David Weir (23 December 1881 – 22 September 1929) was a member of the Queensland Legislative Assembly.

He was born at Glasgow, Scotland, the son of John Weir and his wife Jeannie (née Kerr) and migrated with his family to Australia the following year. They arrived in Townsville and he was educated at the Townsville Central State School and Townsville Grammar School. He began his working career as a clerk with the Adelaide Steamship Company in 1895 before joining the Queensland Railways and working there as a clerk. In this position he was transferred across the state, including Townsville, Maryborough, and Ipswich.

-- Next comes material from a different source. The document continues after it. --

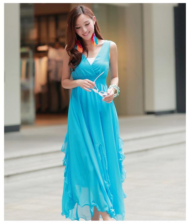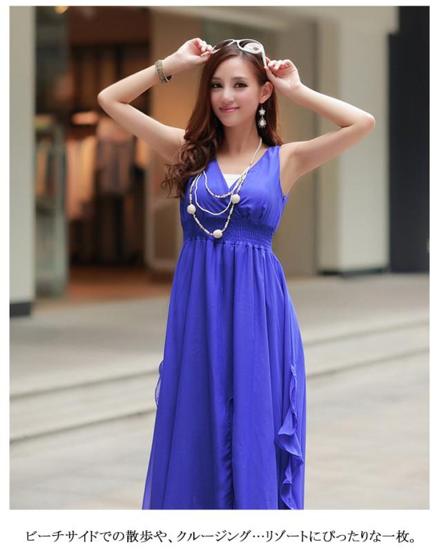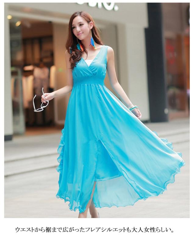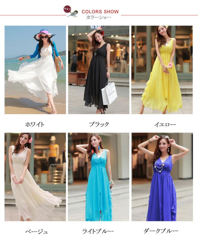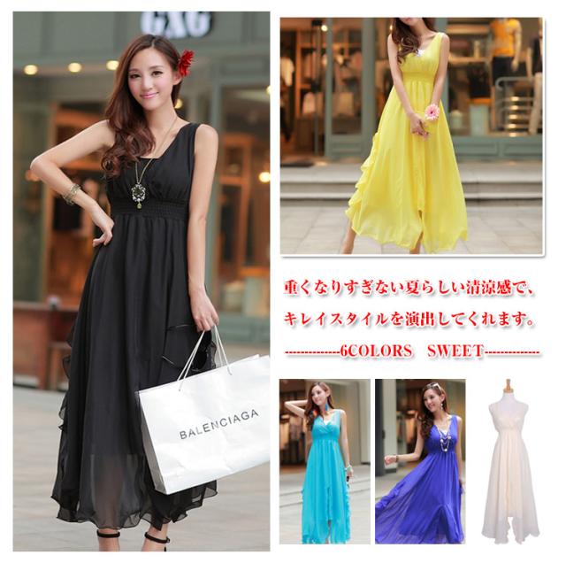 全6color マキシワンピ シフォン リゾートワンピース マキシ丈 ビーチ ロングワンピース マキシワンピース ロングドレス 大きいサイズ リゾートワンピース マキシ丈 フレア ノースリーブ 夏 無地 Vネック

On 5 July 1907 he married Edith Guymer (died 1960) and together had two sons and a daughter. Weir died in September 1929 and his funeral proceeded from his former residence in Alice Street to the Maryborough Cemetery.

Public career
Weir, a member of the Labour Party, served as an alderman on the Maryborough City Council for one term. Following the resignation of Alfred Jones the sitting member for Maryborough to join the Queensland Legislative Council, Weir won the resulting by-election in 1917. He beat the National candidate, Mr Harding, and in fact increased the Labour vote from the previous state election.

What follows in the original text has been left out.